DOCGroup / ACE_TAO

ACE and TAO
https://www.dre.vanderbilt.edu/~schmidt/TAO.html
701 stars 380 forks source link

SSLIOP Transports are used after being cached with entry state IDLE #2184

Open eommc opened 9 months ago

eommc commented 9 months ago

Version

We are using the ACE ORB supported by OCI, https://theaceorb.com/, wich is TAO 2.2. But looking at the code here on github, it seems that the code is the same as the one on master branch here, with TAO 3.1.

Host machine and operating system

Built on an almalinux 9.2 docker image, run on Red Hat Enterprise Linux release 9.3

Compiler name and version (including patch level)

g++ (GCC) 11.4.1 20230605 (Red Hat 11.4.1-2)

The $ACE_ROOT/ace/config.h file

#if defined FD_SETSIZE
#       undef FD_SETSIZE
#endif
#define FD_SETSIZE 8192
#define ACE_HAS_IPV6 1
#define TAO_HAS_ZIOP 1
#include "config-linux.h"

The $ACE_ROOT/include/makeinclude/platform_macros.GNU file

exceptions=1
optimize=0
threads=1
ssl=1
zlib=1
include $(ACE_ROOT)/include/makeinclude/platform_linux.GNU
buildbits = 64

Contents of $ACE_ROOT/bin/MakeProjectCreator/config/default.features

ssl=1
zlib = 1

Our application acts as a server for various other programs, but also delegates a few functions to another service. In this interaction, the application is acting as a client towards the other service, and multiple threads can perform requests concurrently. The ORBs use an svc config file with the following content:

    static Client_Strategy_Factory "-ORBClientConnectionHandler rw -ORBTransportMuxStrategy exclusive -ORBConnectStrategy blocked -ORBConnectionHandlerCleanup 1"
    static Resource_Factory "-ORBFlushingStrategy blocking -ORBProtocolFactory SSLIOP_Factory"
    dynamic SSLIOP_Factory Service_Object*
        TAO_SSLIOP:_make_TAO_SSLIOP_Protocol_Factory() "-v -SSLAuthenticate SERVER_AND_CLIENT -SSLCertificate ... -SSLPrivateKey ... -SSLPassword ... -SSLCAfile ... -SSLVersionList TLSv1.2"

We've seing a few threads remaining stuck waiting for a replies, and these errors in the logs:

    Exclusive_TMS::dispatch_reply - <2 != 1>

I've raised the log levels and investigated the issue. Whent the SSLIOP connector creates a new Transport, it is added to the Transport Cache Manager with state ENTRY_IDLE_AND_PURGABLE. Under heavy load, a different thread can fetch the same Transport from tha cache while the first thread is using it to send a request.

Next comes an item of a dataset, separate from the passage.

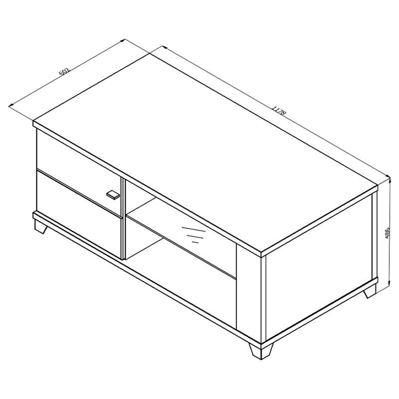 Η επιφάνεια του τραπεζιού, ευρύχωρη και ευκολοδιάθετη, προσφέρει τον ιδανικό χώρο για την τοποθέτηση διακοσμητικών αντικειμένων, περιοδικών, βιβλίων και ποτηριών, ενώ το ενσωματωμένο ντουλάπι επιτρέπει την κρυφή αποθήκευση καθημερινών αντικειμένων όπως τηλεχειριστηρίων και άλλων αξεσουάρ. Επιπλέον, ο ανοικτός αποθηκευτικός χώρος προσφέρει άμεση πρόσβαση σε μικρά αντικείμενα που θέλετε να διατηρείτε οργανωμένα, συμβάλλοντας στη διατήρηση ενός τακτοποιημένου και λειτουργικού χώρου.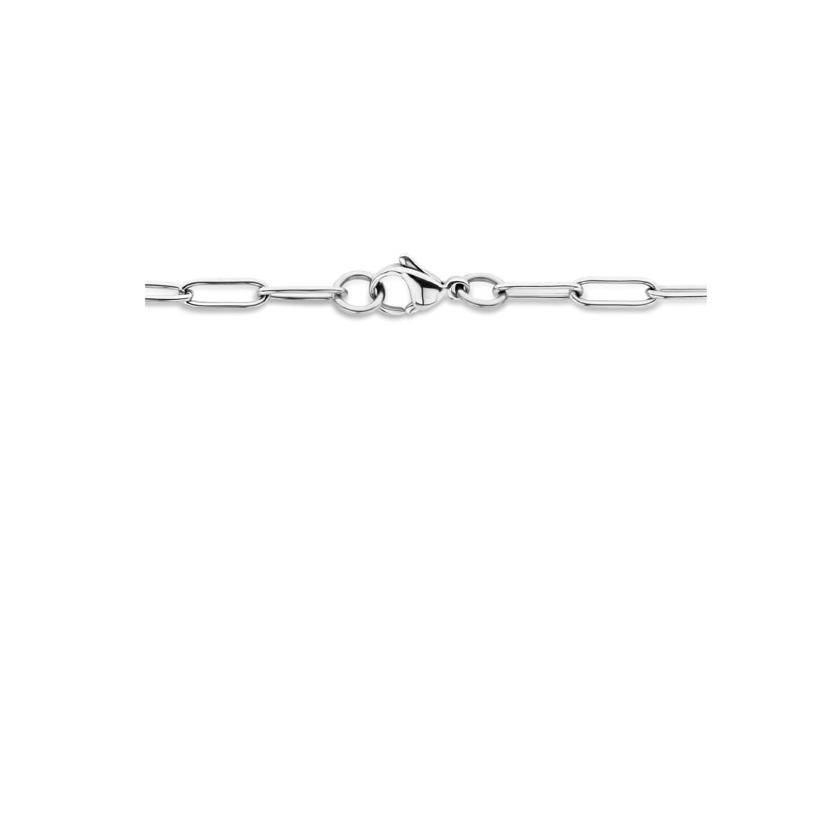Stalen paperclip collier uitgevoerd met een karabijn sluiting en een schakelbreedte van 8mm. Het collier heeft een draaglengte van 43cm met een extensie van 3cm.

There are a few consequences:

Analyzing the code I found a big difference between IIOP and SSLIOP connections.

Both TAO_IIOP_Connector and TAO::SSLIOP::Connector inherit from TAO_Connector. In the former case, the transport creation passes through the base class, TAO_Connector::connect. This method has an infinte while loop that wraps all code. If an idle transport is found in the cache, it is returned. When a new Transport is created, it is not returned to the caller, instead it is cached and then the loop runs once again, and hopefully fetches the transport from the cache before a different thread snatches it. The Transport is created by TAO_IIOP_Connector::make_connection, which adds the transport in the cache manager using the default sate, ENTRY_IDLE_AND_PURGABLE (a default paramter). The state of the transport is changed to BUSY later, by the method Transport_Cache_Manager_T::find_transport, which ends up calling find_i.

    // Transport_Cache_Manager_T.cpp : 301
    entry->item ().recycle_state (ENTRY_BUSY);

On the other hand, TAO::SSLIOP::Connector overwrites the connect method (SSLIOP_Connector.cpp line 83), which internally calls ssliop_connect (line 190). Neither the method connect, nor ssliop_connect, have the same loop as the base class. Instead, the transport is cached with the default state ENTRY_IDLE_AND_PURGABLE, and then returned and used as is

    int retval =
      this->orb_core ()->
        lane_resources ().transport_cache ().cache_transport (desc,
                                                              transport);

With this pattern it is possible that a different thread finds the same transport in the cache, in idle state, and starts using it concurrently.

I tried a quick patch, adding the state ENTRY_BUSY as third parameter to the cache_transport invocation, in SSLIOP_Connector.cpp line 713, and our problem seems to be solved. All I saw seems to hint to a bug, but the code is 13 years old, so maybe there's something wrong in our configuration.